Dataset records
════════════════

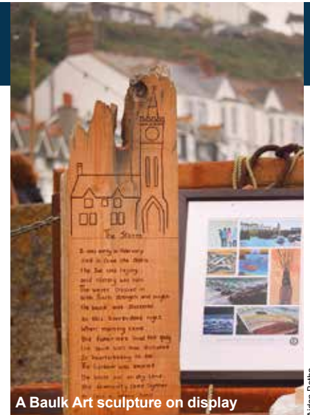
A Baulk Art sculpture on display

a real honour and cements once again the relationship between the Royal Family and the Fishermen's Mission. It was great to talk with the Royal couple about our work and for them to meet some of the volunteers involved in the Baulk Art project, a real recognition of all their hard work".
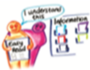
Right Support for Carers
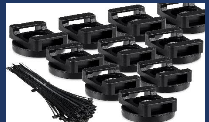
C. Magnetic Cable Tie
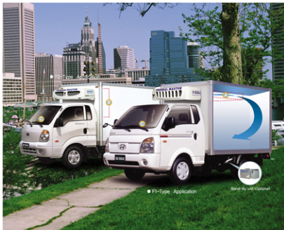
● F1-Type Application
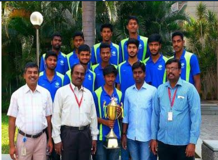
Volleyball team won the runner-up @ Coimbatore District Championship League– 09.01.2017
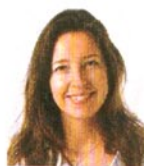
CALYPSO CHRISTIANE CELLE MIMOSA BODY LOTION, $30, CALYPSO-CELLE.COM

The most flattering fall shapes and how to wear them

════════════════

▶ _Exercise instructions_:
Are you able to set down all the lines above exactly, without any pictures?

▶ _Response below_:
A Baulk Art sculpture on display

a real honour and cements once again the relationship between the Royal Family and the Fishermen's Mission. It was great to talk with the Royal couple about our work and for them to meet some of the volunteers involved in the Baulk Art project, a real recognition of all their hard work".
Right Support for Carers
C. Magnetic Cable Tie
● F1-Type Application
Volleyball team won the runner-up @ Coimbatore District Championship League– 09.01.2017
CALYPSO CHRISTIANE CELLE MIMOSA BODY LOTION, $30, CALYPSO-CELLE.COM

The most flattering fall shapes and how to wear them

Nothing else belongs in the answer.